Dimension	Weight	What to Assess
Reasoning Depth	High	Simple lookup → multi-step logic → deep chain-of-thought
Code Generation	Medium	None → simple scripts → multi-file complex → architecture design
Context Length	Medium	<4K → 4K-32K → 32K-128K → >128K tokens
Tool Use / Agentic	High	Single shot → multi-turn tools → autonomous agent loop
Domain Expertise	Low	General → specialized (math, legal, medical, Chinese content)
Output Quality	Medium	Draft OK → production → customer-facing critical
Latency	Low	Batch OK → real-time interactive

Step 2: Estimate Token Usage

Task Complexity	Input Tokens	Output Tokens
Trivial (single Q&A)	500 – 2K	200 – 1K
Simple (few exchanges)	2K – 8K	1K – 4K
Medium (multi-turn agent, 5-10 tools)	8K – 40K	4K – 16K
Complex (deep agent, 10-30 tools)	40K – 150K	16K – 50K
Heavy (autonomous loop, 30+ tools)	150K – 500K+	50K – 200K+

Step 3: Run Scripts

# Ensure pricing is fresh
python scripts/fetch_pricing.py

# Get recommendation
python scripts/advise.py --task "<user's task description>"

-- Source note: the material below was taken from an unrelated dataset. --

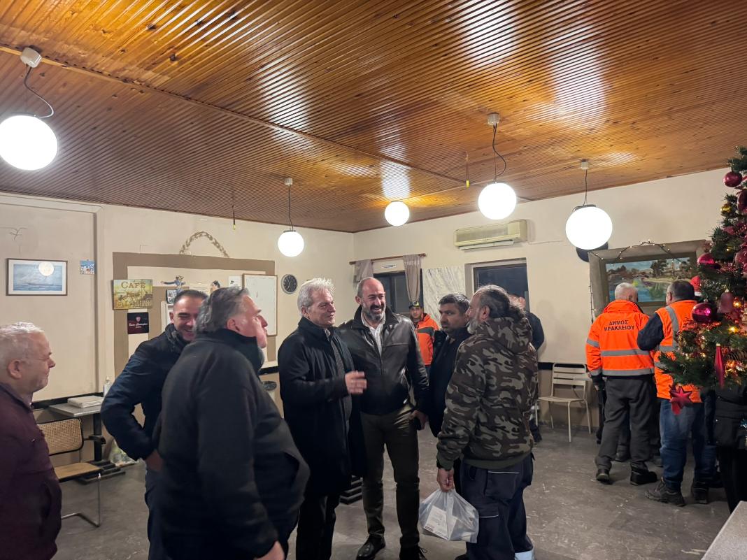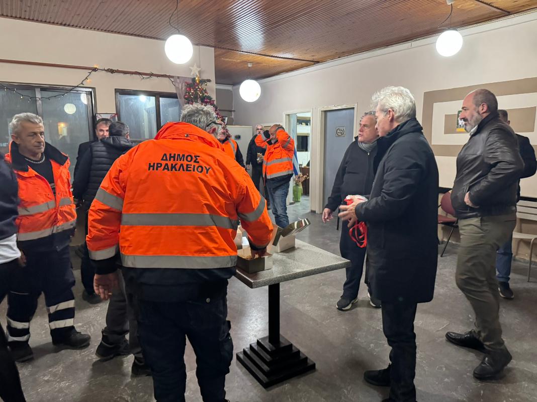 Με τους εργαζόμενους της Υπηρεσίας Καθαριότητας γιόρτασε την παραμονή της Πρωτοχρονιάς ο Δήμαρχος Ηρακλείου Αλέξης Καλοκαιρινός, συνοδευόμενος από τον Αντιδήμαρχο Καθαριότητας, Περιβάλλοντος & Ενέργειας Νίκο Γιαλιτάκη.

Step 4: Present Recommendation

Format the output with:

Task complexity analysis
Top 3 model picks with cost
Comparison vs user's current model (if known)
Any pitfalls (R1 reasoning tokens, context window limits, etc.)

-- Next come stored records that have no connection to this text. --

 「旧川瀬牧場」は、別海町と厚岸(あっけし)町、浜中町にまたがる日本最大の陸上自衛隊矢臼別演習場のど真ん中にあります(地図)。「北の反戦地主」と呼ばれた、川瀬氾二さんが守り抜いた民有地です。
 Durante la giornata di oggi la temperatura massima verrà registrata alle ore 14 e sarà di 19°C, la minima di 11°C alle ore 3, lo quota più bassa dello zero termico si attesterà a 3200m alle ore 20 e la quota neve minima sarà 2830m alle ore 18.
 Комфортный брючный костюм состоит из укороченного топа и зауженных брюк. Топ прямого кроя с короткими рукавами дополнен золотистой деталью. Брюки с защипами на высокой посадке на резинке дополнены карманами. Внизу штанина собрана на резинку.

Pitfalls to Warn Users About

Script internals (for maintenance):

Tier keys in pricing JSON are strings, not ints — pricing_cache dict uses "1" not 1. The advise script casts them internally, but direct lookups must match.
Keyword matching order matters — put longer-specific keywords (e.g., 'production') before shorter ambiguous ones ('pr') to avoid substring false positives. Split on word boundaries.

User-facing pitfalls:

R1/o3 reasoning tokens are hidden: Sticker price hides massive output consumption. Real cost is 3-5× higher for reasoning models.
Context is not free: Models with 1M context (Gemini) charge for every token in the window, used or not.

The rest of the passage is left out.